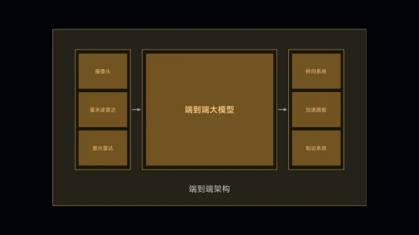 输入端传感器将信息平直输入一个AI大模子,平直在输出端输出行驶号令的,即是端到端。其最中枢的特质即是,全部数据处理、权衡、野心、舍弃的经由只用单一的AI大模子。
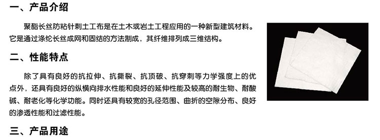 長絲土工布為聚酯長絲針刺無紡土工布,不含化學添加劑,也不經熱處理,是環(huán)保型的建筑材料。
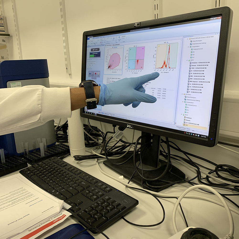 The read out from the cytometer is shown in a graphic display on the cytometer’s monitor. Here we are looking at the percentage of cells that have died as a result of being treated with the MP1 peptide. The four box model on the screen shows living cells, early apoptosis, late apoptosis and necrosis after treatment with a particular peptide concentration.
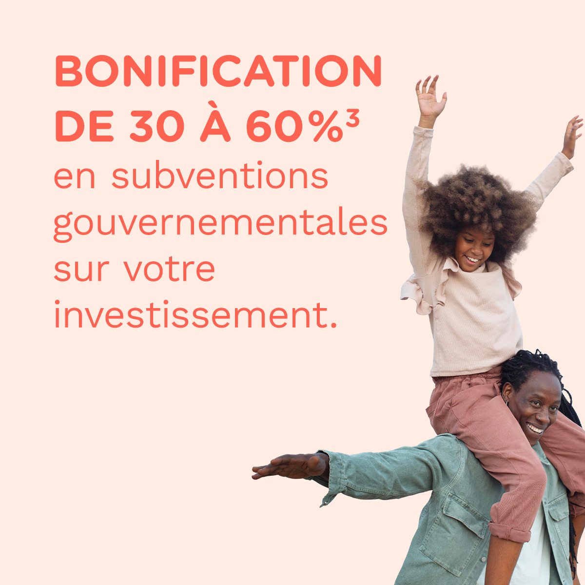 3. Subvention canadienne pour l’épargne-études (SCEE) de 20 à 40 %. Selon le revenu net familial rajusté. Incitatif québécois à l’épargne-études (IQEE) de 10 à 20 %. Selon le revenu net familial rajusté. Certaines conditions s’appliquent. Consultez notre prospectus à kaleido.ca.
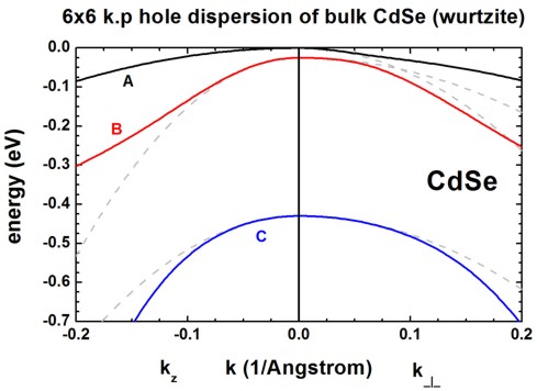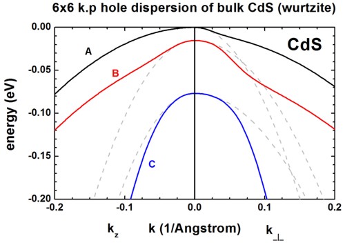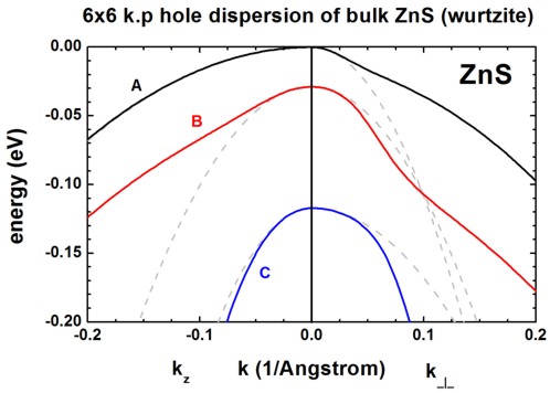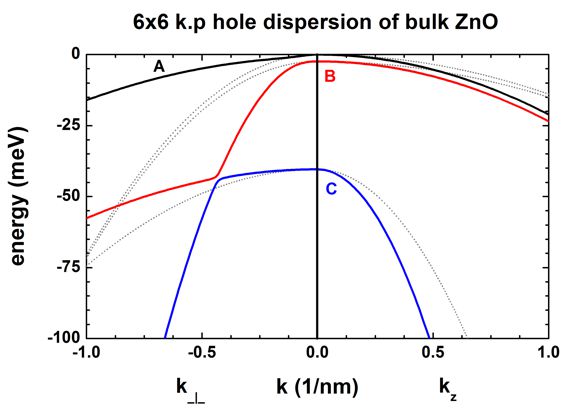 The following figure shows the bulk 6-band k.p energy dispersion for ZnO.
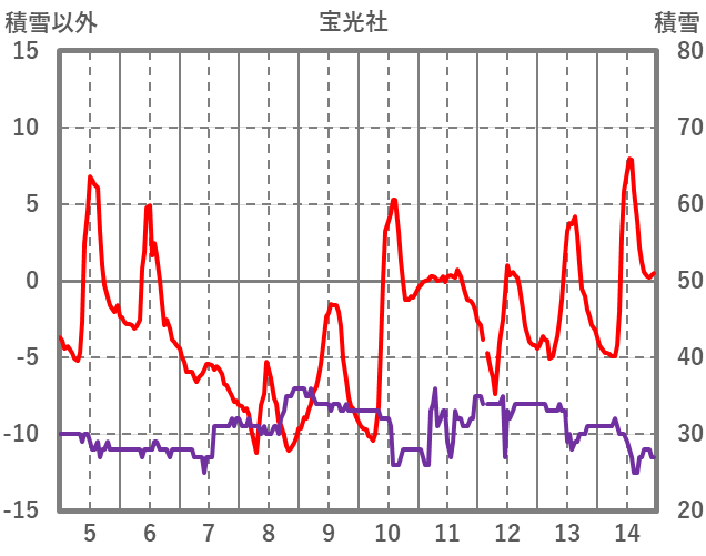| 日 | 時 | 気温 | 降水 | 風向/風速 | 日照 | 積雪 | 降雪 |
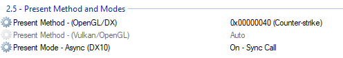 Sync mode: Vsync (most vblanks greater smoothness)
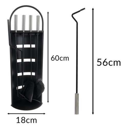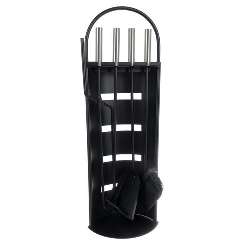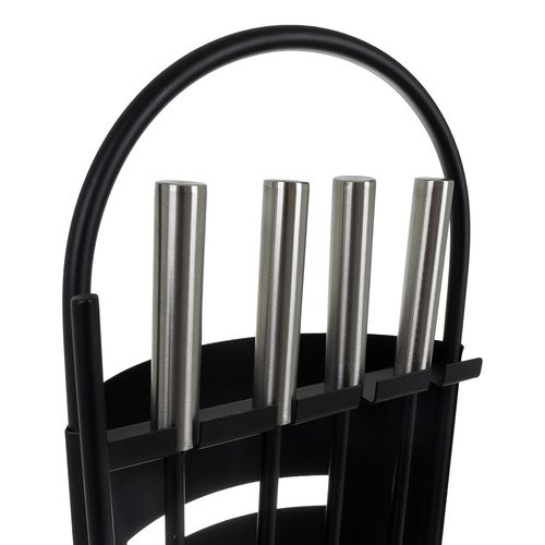 Detta eleganta och robusta 5-i-1 set innehåller alla nödvändiga verktyg för att underhålla din eldstad eller kamin: tång, skyffel, borste och eldgaffel. Alla delar hängs smidigt på det medföljande stället, vilket gör det både praktiskt och stilfullt.
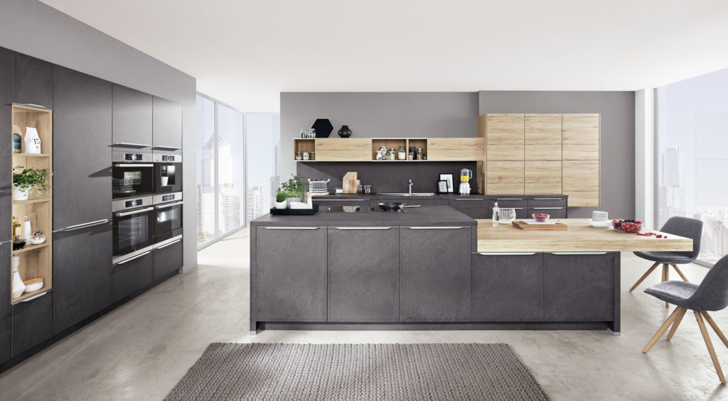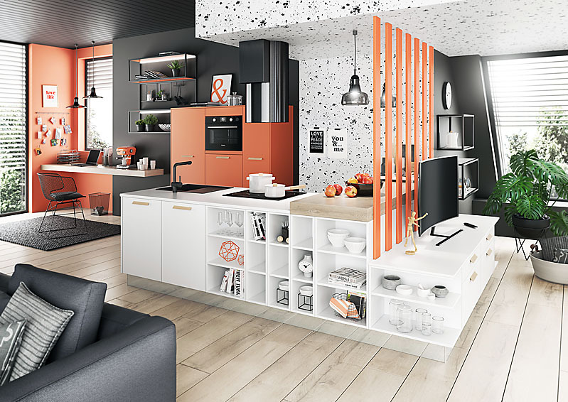 K osvedčeným a priestorovo úsporným riešeniam patrí rozdelenie kuchyne na kompaktnú zostavu pri stene (najlepšie na celú výšku stropu), ktorá obsahuje úložné priestory, vstavané spotrebiče – chladničku, prípadne rúru, mikrovlnku, kávovar atď. – a na ostrovček s varnou zónou a pracovnou plochou. Umývaciu zónu môžete umiestniť pri stene (jednoduchšie pripojenie na vodu a odpad), alebo v rámci ostrovčeka. Toto riešenie je technicky aj finančne náročnejšie, treba preveriť, kadiaľ priviesť vodu a odpad.
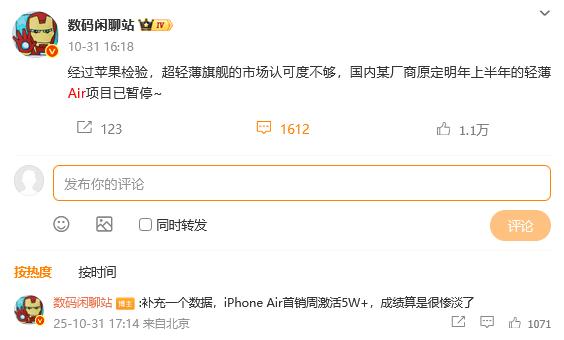 科技博主@数码闲聊站 日前也透露称,iPhone Air国内首销周(10.22 - 10.29)激活量仅5万余台,“成绩算是很惨淡了”。其还表示,经过苹果检验,超轻薄旗舰的市场认可度不够,国内某厂商原定明年上半年的Air项目已暂停。
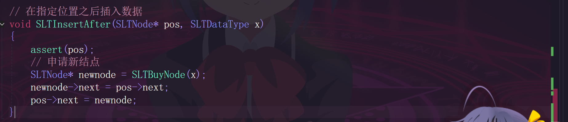 void SLTInsertAfter(SLTNode* pos, SLTDataType x)
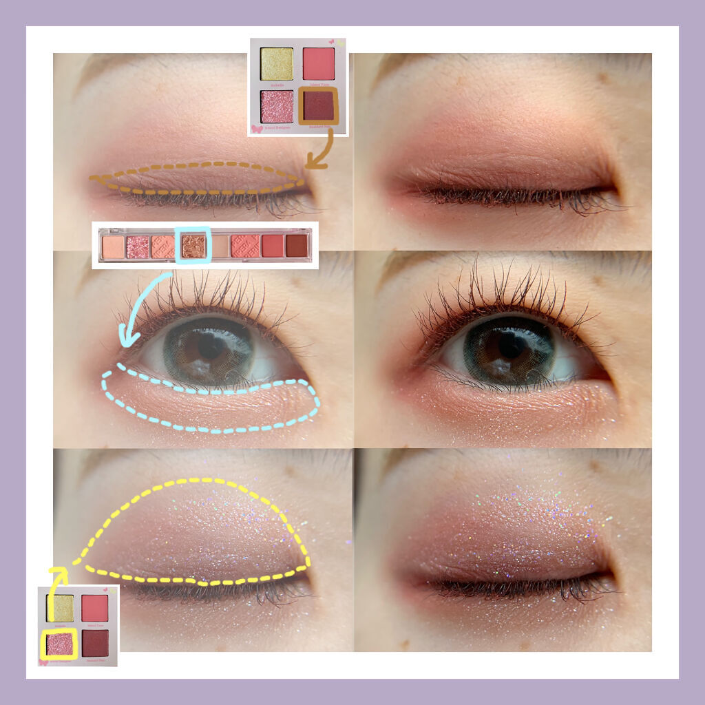 Heimishのはコーラル系、ピンク系、オレンジ系…基本的にどのカラーでも合わせやすいグリッターパレットで、おすすめです🌟 私はスタイルコリアンのセールで買いました!

= = = =

EXERCISE: All lines from the first in the listing above to the line containing "The read out", inclusive, go in the output exactly as they are; no pictures go in.

REPLY TO THE EXERCISE:
 输入端传感器将信息平直输入一个AI大模子,平直在输出端输出行驶号令的,即是端到端。其最中枢的特质即是,全部数据处理、权衡、野心、舍弃的经由只用单一的AI大模子。
 長絲土工布為聚酯長絲針刺無紡土工布,不含化學添加劑,也不經熱處理,是環(huán)保型的建筑材料。
 The read out from the cytometer is shown in a graphic display on the cytometer’s monitor. Here we are looking at the percentage of cells that have died as a result of being treated with the MP1 peptide. The four box model on the screen shows living cells, early apoptosis, late apoptosis and necrosis after treatment with a particular peptide concentration.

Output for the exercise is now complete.